● **What the exercise asks**
When you reach the line that contains "Unidad 5: Comportamiento", begin copying exactly and continue through the last line below. Do not copy pictures.

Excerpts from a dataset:
****

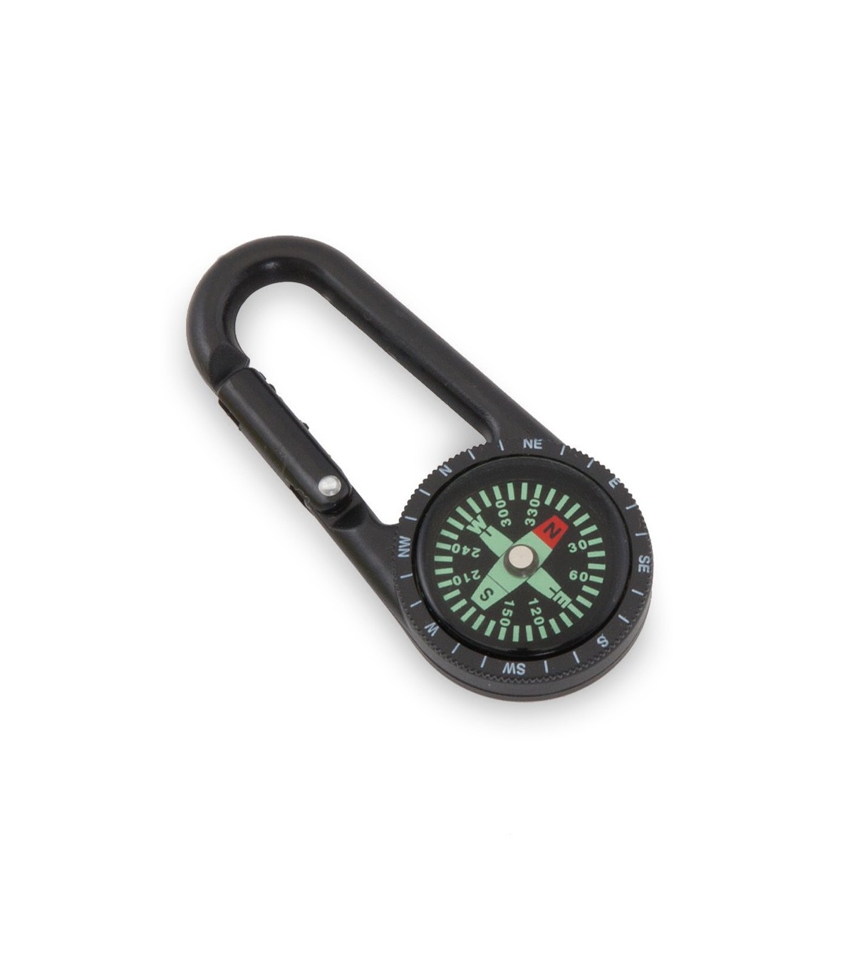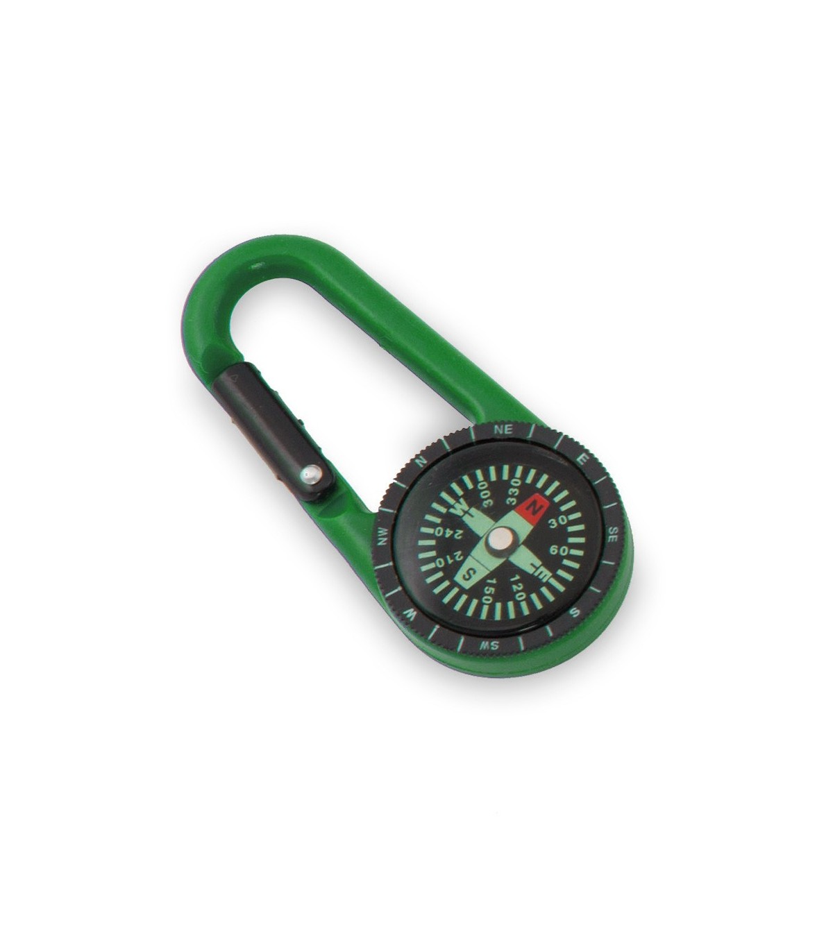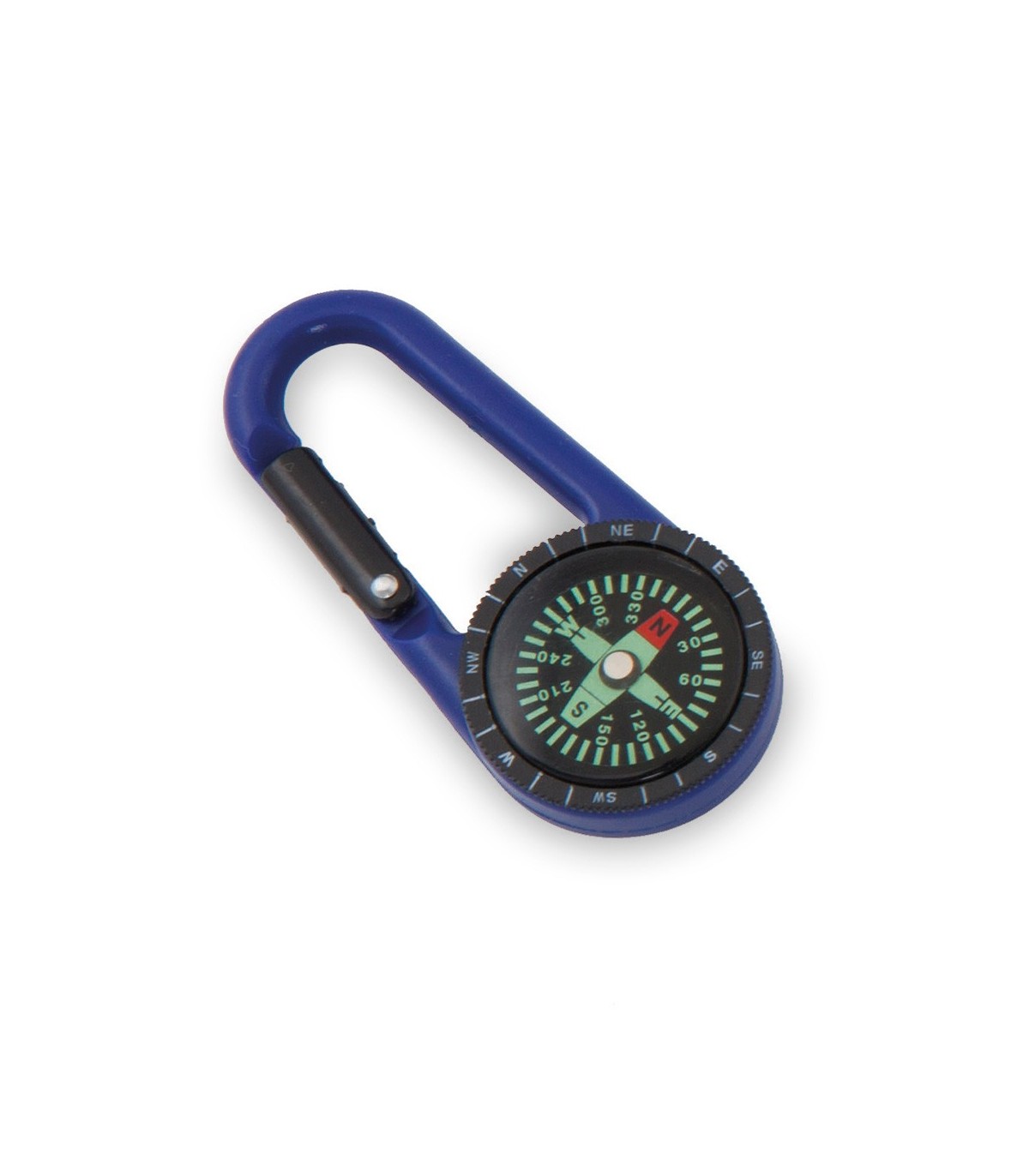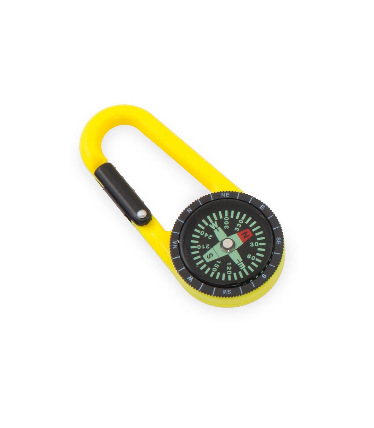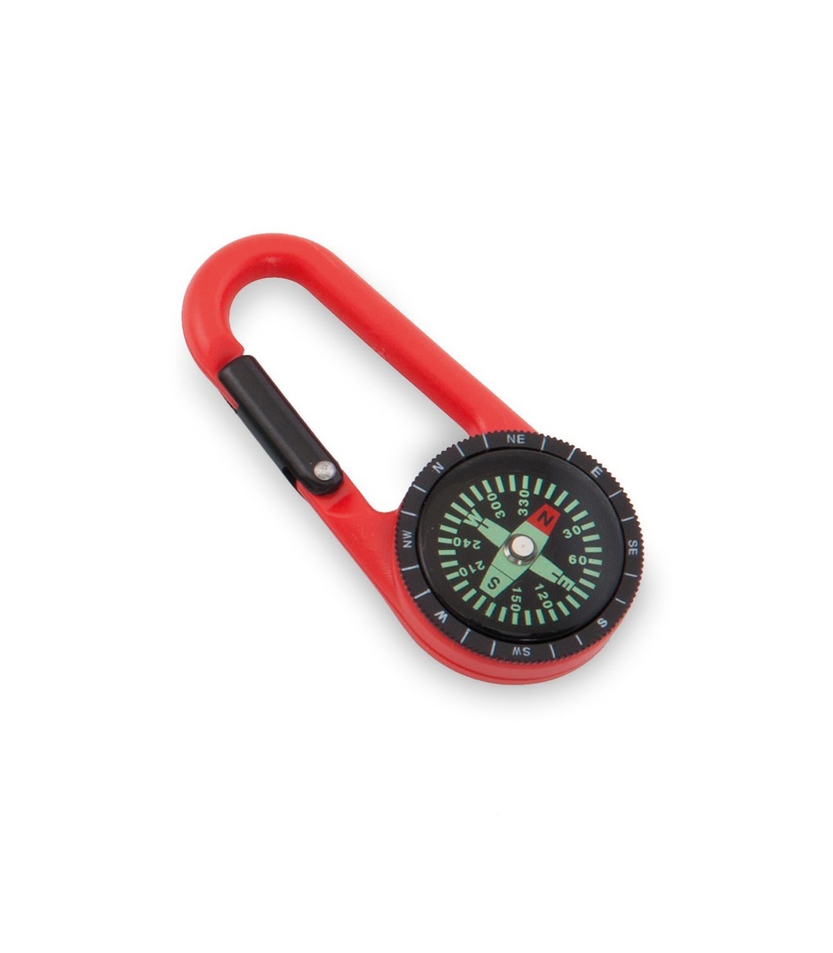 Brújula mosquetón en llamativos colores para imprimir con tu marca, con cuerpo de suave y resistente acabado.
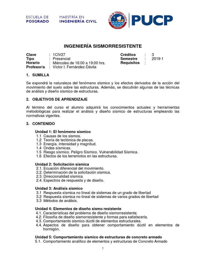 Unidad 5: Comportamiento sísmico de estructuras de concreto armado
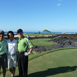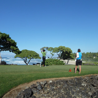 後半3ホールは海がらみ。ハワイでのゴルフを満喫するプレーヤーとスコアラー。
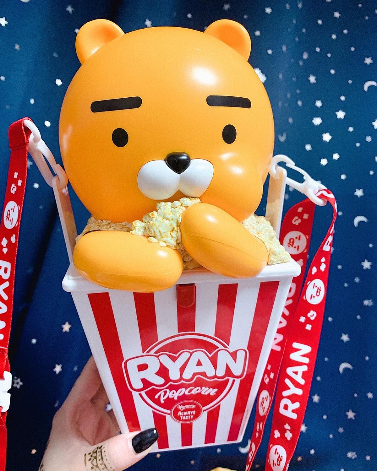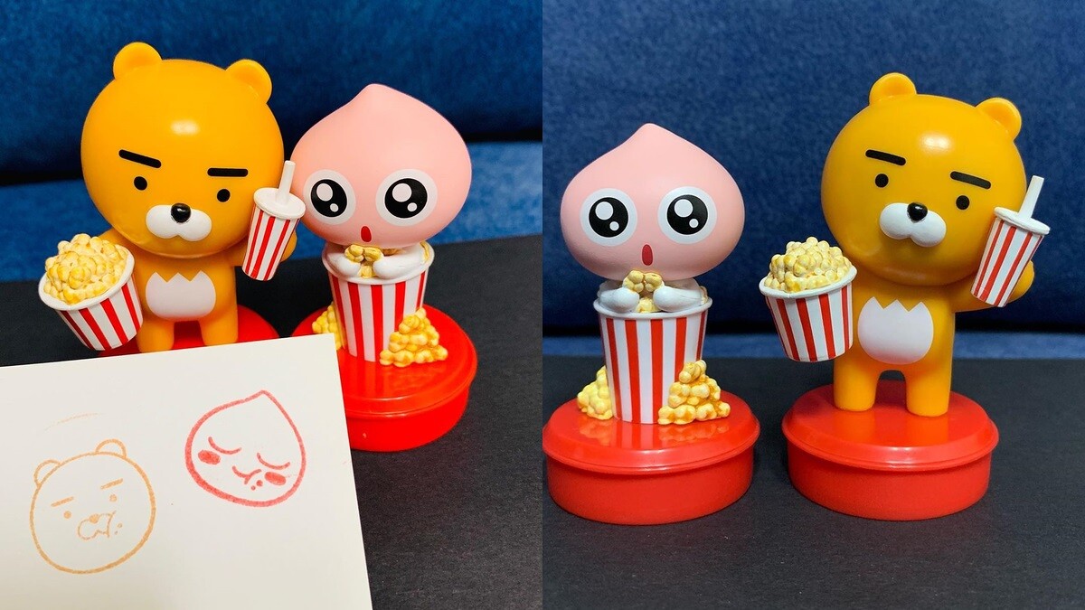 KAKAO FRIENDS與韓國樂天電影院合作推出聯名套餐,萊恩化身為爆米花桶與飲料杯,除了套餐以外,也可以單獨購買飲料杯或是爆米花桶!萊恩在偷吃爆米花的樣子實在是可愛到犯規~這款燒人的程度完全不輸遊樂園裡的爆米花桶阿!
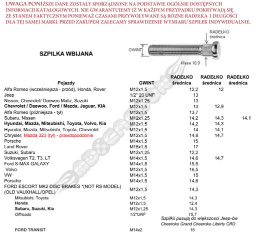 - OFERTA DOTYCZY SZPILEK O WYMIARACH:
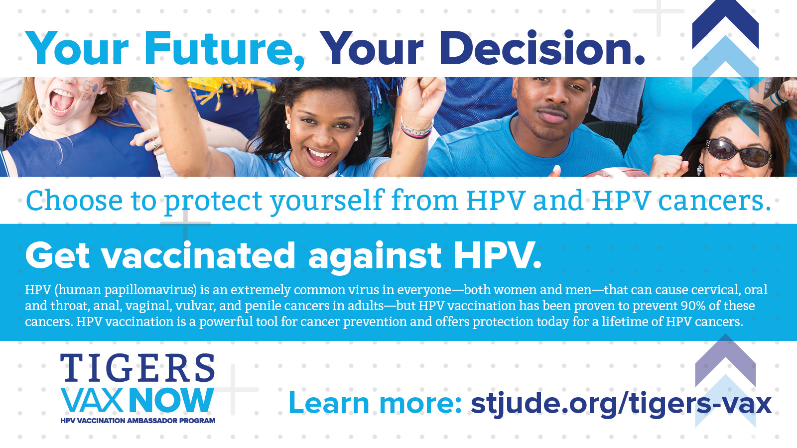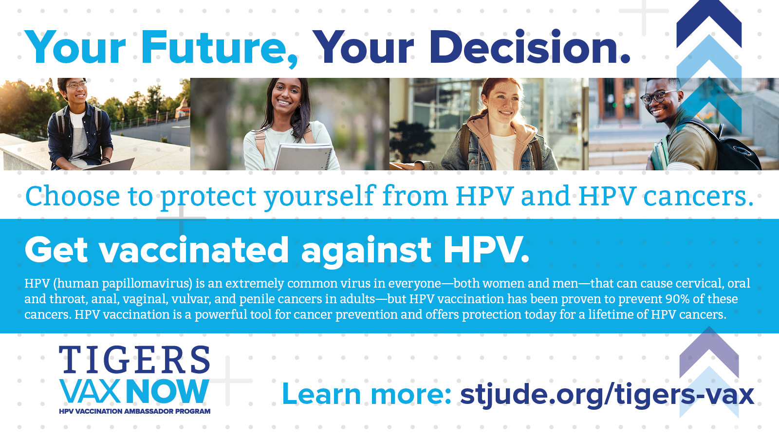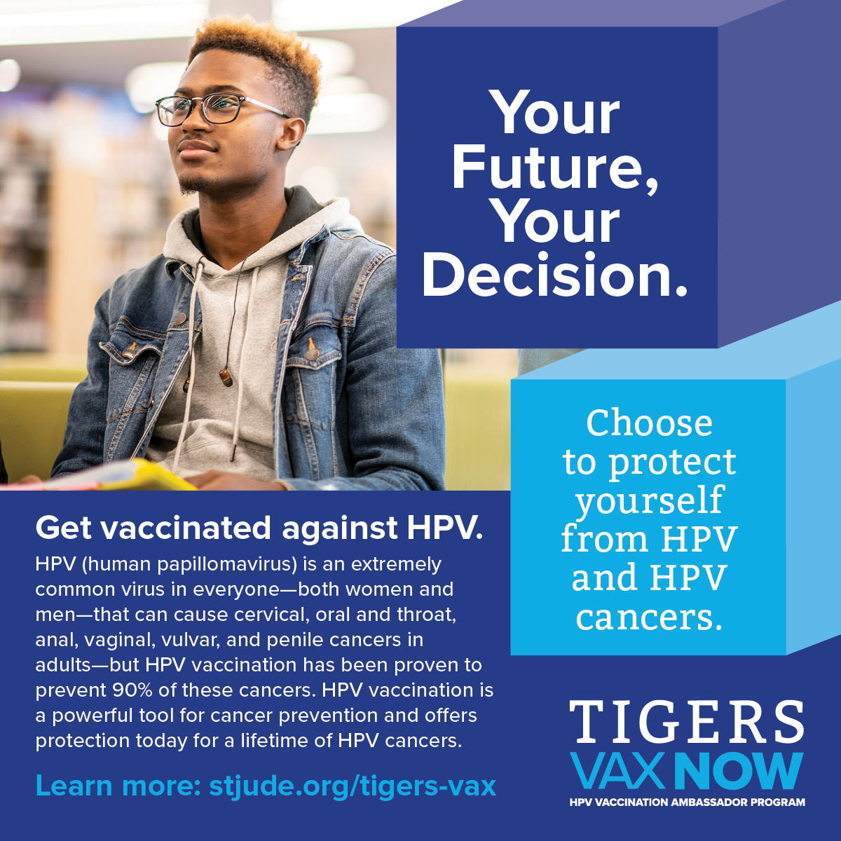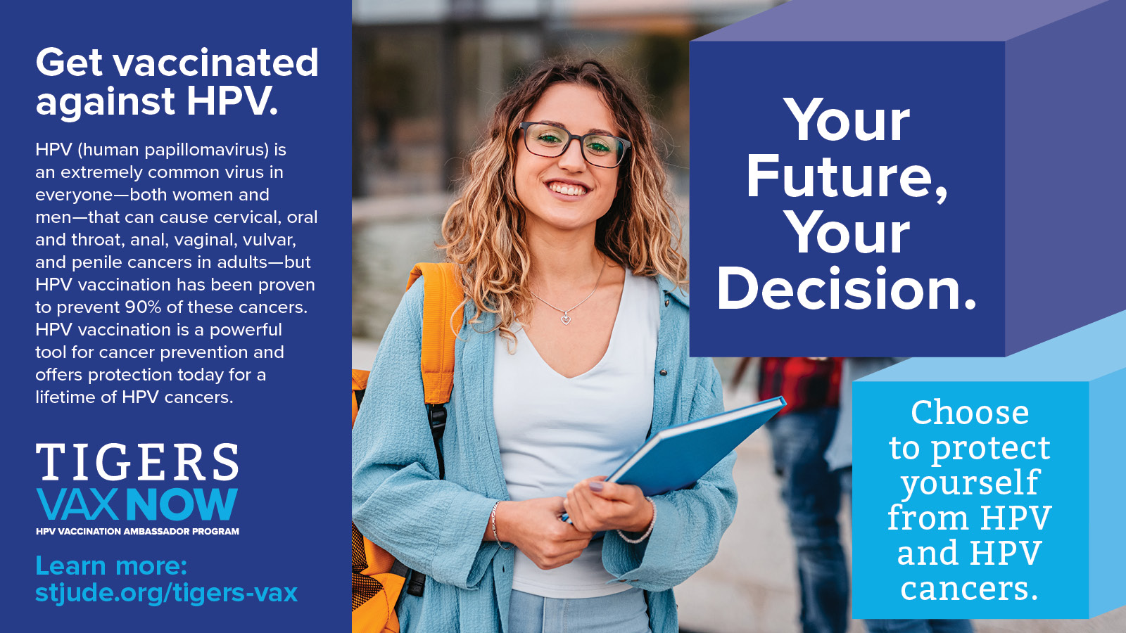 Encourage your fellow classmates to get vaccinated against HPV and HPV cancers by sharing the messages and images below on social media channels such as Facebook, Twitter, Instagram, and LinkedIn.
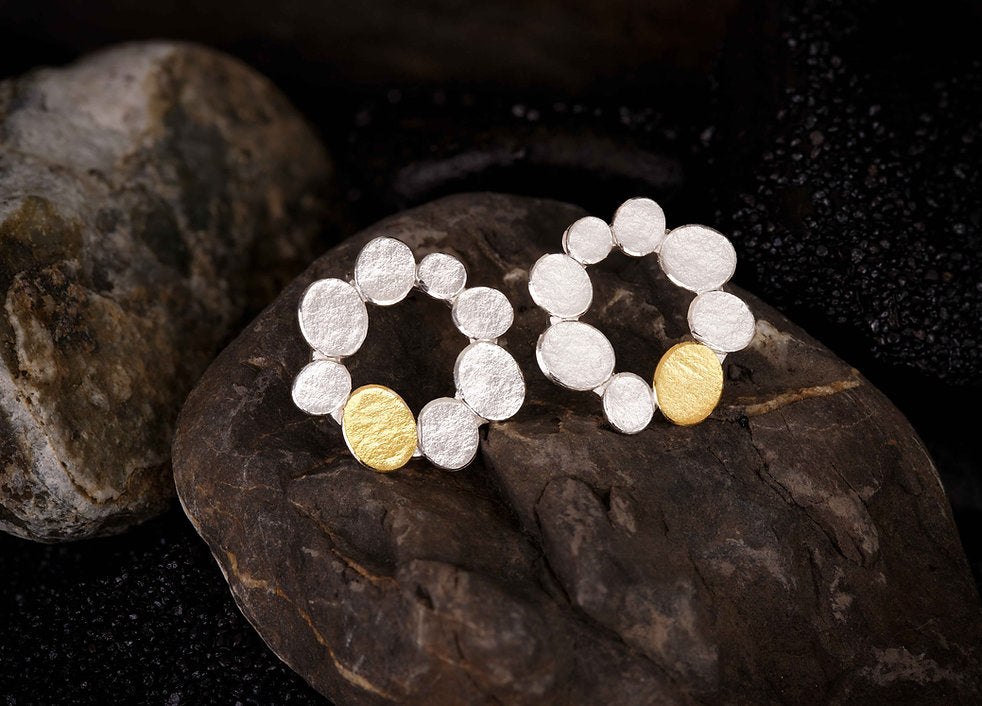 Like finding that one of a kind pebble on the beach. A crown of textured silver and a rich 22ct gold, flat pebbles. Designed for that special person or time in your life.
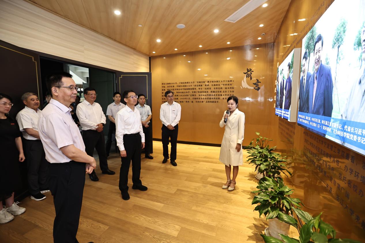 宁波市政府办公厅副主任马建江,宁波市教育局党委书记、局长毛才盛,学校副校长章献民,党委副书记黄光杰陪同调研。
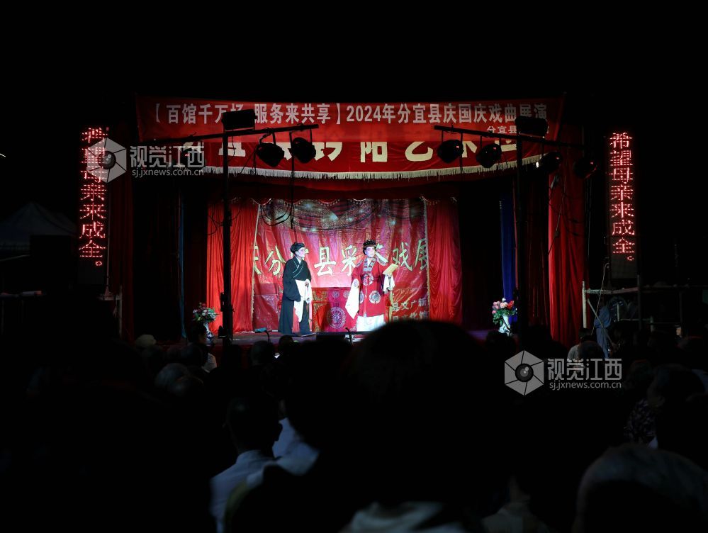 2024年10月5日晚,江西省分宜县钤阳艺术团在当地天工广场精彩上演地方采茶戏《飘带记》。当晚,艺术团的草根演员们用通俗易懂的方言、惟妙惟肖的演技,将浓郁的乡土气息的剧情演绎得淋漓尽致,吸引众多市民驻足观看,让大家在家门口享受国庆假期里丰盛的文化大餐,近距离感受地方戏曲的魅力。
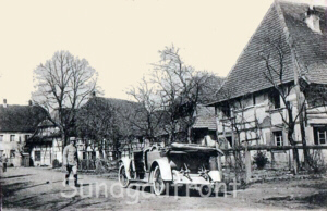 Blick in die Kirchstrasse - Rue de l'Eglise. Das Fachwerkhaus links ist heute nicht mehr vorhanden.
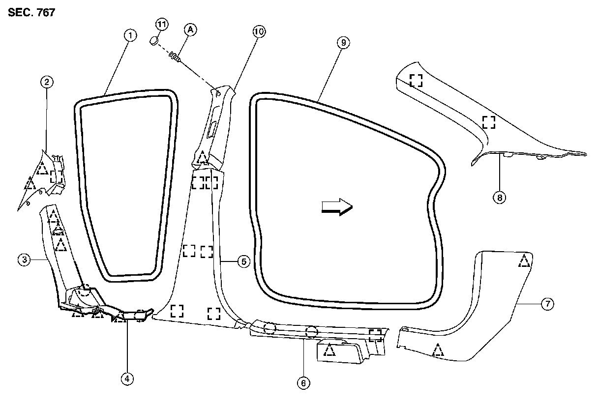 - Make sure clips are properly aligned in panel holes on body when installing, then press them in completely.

****

● **Expected answer**
 Unidad 5: Comportamiento sísmico de estructuras de concreto armado
 後半3ホールは海がらみ。ハワイでのゴルフを満喫するプレーヤーとスコアラー。
 KAKAO FRIENDS與韓國樂天電影院合作推出聯名套餐,萊恩化身為爆米花桶與飲料杯,除了套餐以外,也可以單獨購買飲料杯或是爆米花桶!萊恩在偷吃爆米花的樣子實在是可愛到犯規~這款燒人的程度完全不輸遊樂園裡的爆米花桶阿!
 - OFERTA DOTYCZY SZPILEK O WYMIARACH:
 Encourage your fellow classmates to get vaccinated against HPV and HPV cancers by sharing the messages and images below on social media channels such as Facebook, Twitter, Instagram, and LinkedIn.
 Like finding that one of a kind pebble on the beach. A crown of textured silver and a rich 22ct gold, flat pebbles. Designed for that special person or time in your life.
 宁波市政府办公厅副主任马建江,宁波市教育局党委书记、局长毛才盛,学校副校长章献民,党委副书记黄光杰陪同调研。
 2024年10月5日晚,江西省分宜县钤阳艺术团在当地天工广场精彩上演地方采茶戏《飘带记》。当晚,艺术团的草根演员们用通俗易懂的方言、惟妙惟肖的演技,将浓郁的乡土气息的剧情演绎得淋漓尽致,吸引众多市民驻足观看,让大家在家门口享受国庆假期里丰盛的文化大餐,近距离感受地方戏曲的魅力。
 Blick in die Kirchstrasse - Rue de l'Eglise. Das Fachwerkhaus links ist heute nicht mehr vorhanden.
 - Make sure clips are properly aligned in panel holes on body when installing, then press them in completely.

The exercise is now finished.